We Who Have Fled


“…we who have fled for refuge…”  –Hebrews 6:18

Have you ever considered yourself a refugee?  If you are a follower of Jesus Christ, then you are a refugee.

13 For when God made a promise to Abraham, since he had no one greater by whom to swear, he swore by himself, 14 saying, “Surely I will bless you and multiply you.” 15 And thus Abraham, having patiently waited, obtained the promise. 16 For people swear by something greater than themselves, and in all their disputes an oath is final for confirmation. 17 So when God desired to show more convincingly to the heirs of the promise the unchangeable character of his purpose, he guaranteed it with an oath, 18 so that by two unchangeable things, in which it is impossible for God to lie, we who have fled for refuge might have strong encouragement to hold fast to the hope set before us. 19 We have this as a sure and steadfast anchor of the soul, a hope that enters into the inner place behind the curtain, 20 where Jesus has gone as a forerunner on our behalf, having become a high priest forever after the order of Melchizedek.  

–Hebrews 6:13-20

If you and I cling to the sacrifice, death, and resurrection of Jesus Christ as the payment for our sin and our assurance of eternal life with him and the Father, then we are both refugees–refugees from the devastation of the enemy of our souls.
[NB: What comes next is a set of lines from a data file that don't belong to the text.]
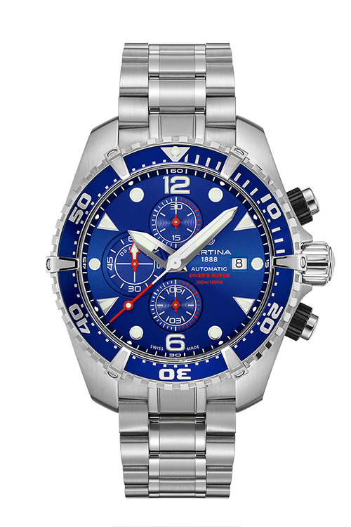 Называться поистине дайверскими часами достойны немногие наручные часы. Хронограф DS Action Diver от CERTINA как раз принадлежит к той когорте, которая заслужила носить это звание. Последняя версия модели полностью соответствует требованиям стандарта ISO 6425. Хронограф отличается яркими цветовыми решениями и может похвастаться водонепроницаемостью до 300 метров. Ультраспортивный дизайн делает его одним из самых известных дайверских хронографов, что достойно истинного потомка знаменитых часов CERTINA DS-3. Выбор в их пользу еще в 1970 году сделали военно-морские силы Австралии.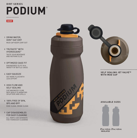 CamelBak Podium Dirt Series Chill Insulated Mountain Bike Squeeze Water Bottle Black, 21oz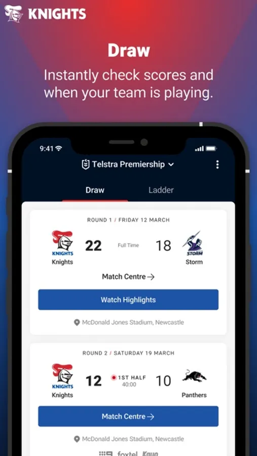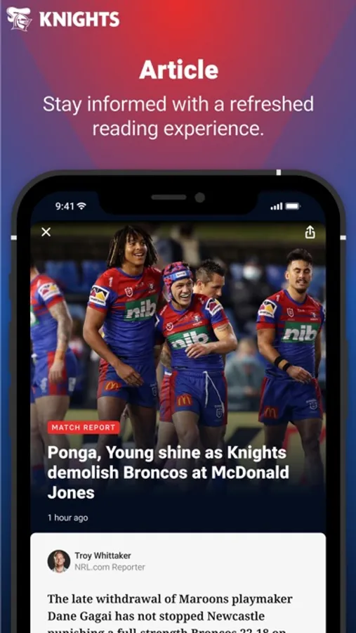 Welcome to the brand new Official Newcastle Knights app. Our completely redesigned experience gives you access to your favourite team and favourite players - plus you'll get breaking Newcastle Knights news, live scores, stats, game day information and match highlights. It's everything you need to know about the Newcastle Knights, no matter where you are.

Many of those living in our part of the country in South Texas are refugees right now as well.  As Hurricane Harvey formed and came closer to the coastline, many fled for refuge to higher, dryer, safer ground.  Refugees staying with family and friends until it is safe to return to their homes, if their homes are still there when all is over (for those in the hurricane’s path).

Dear friend, whether you are a refugee of natural disaster, of war, of political persecution, of genocide, of religious persecution, of King Herod, or of slavery to sin, you know what it is like to be a refugee.  The image at the beginning of this blog is a special one of the Holy Family:  Joseph, Mary, and the infant Jesus fleeing for refuge to Egypt as the angel instructed Joseph to spare the child’s life from King Herod who sought to kill his rival.  It was not yet Jesus’ time to die, but devastatingly it became a slaughter of all the baby boys two years old and younger.  Jesus knows what it is to be a refugee.  Jesus knows what it is for many innocent ones to die because of hatred and jealousy.

“…where Jesus has gone as a forerunner on our behalf…”  –Hebrews 6:20

1Now when they had departed, behold, an angel of the Lord appeared to Joseph in a dream and said, “Rise, take the child and his mother, and flee to Egypt, and remain there until I tell you, for Herod is about to search for the child, to destroy him.” 14 And he rose and took the child and his mother by night and departed to Egypt 15 and remained there until the death of Herod. This was to fulfill what the Lord had spoken by the prophet, “Out of Egypt I called my son.”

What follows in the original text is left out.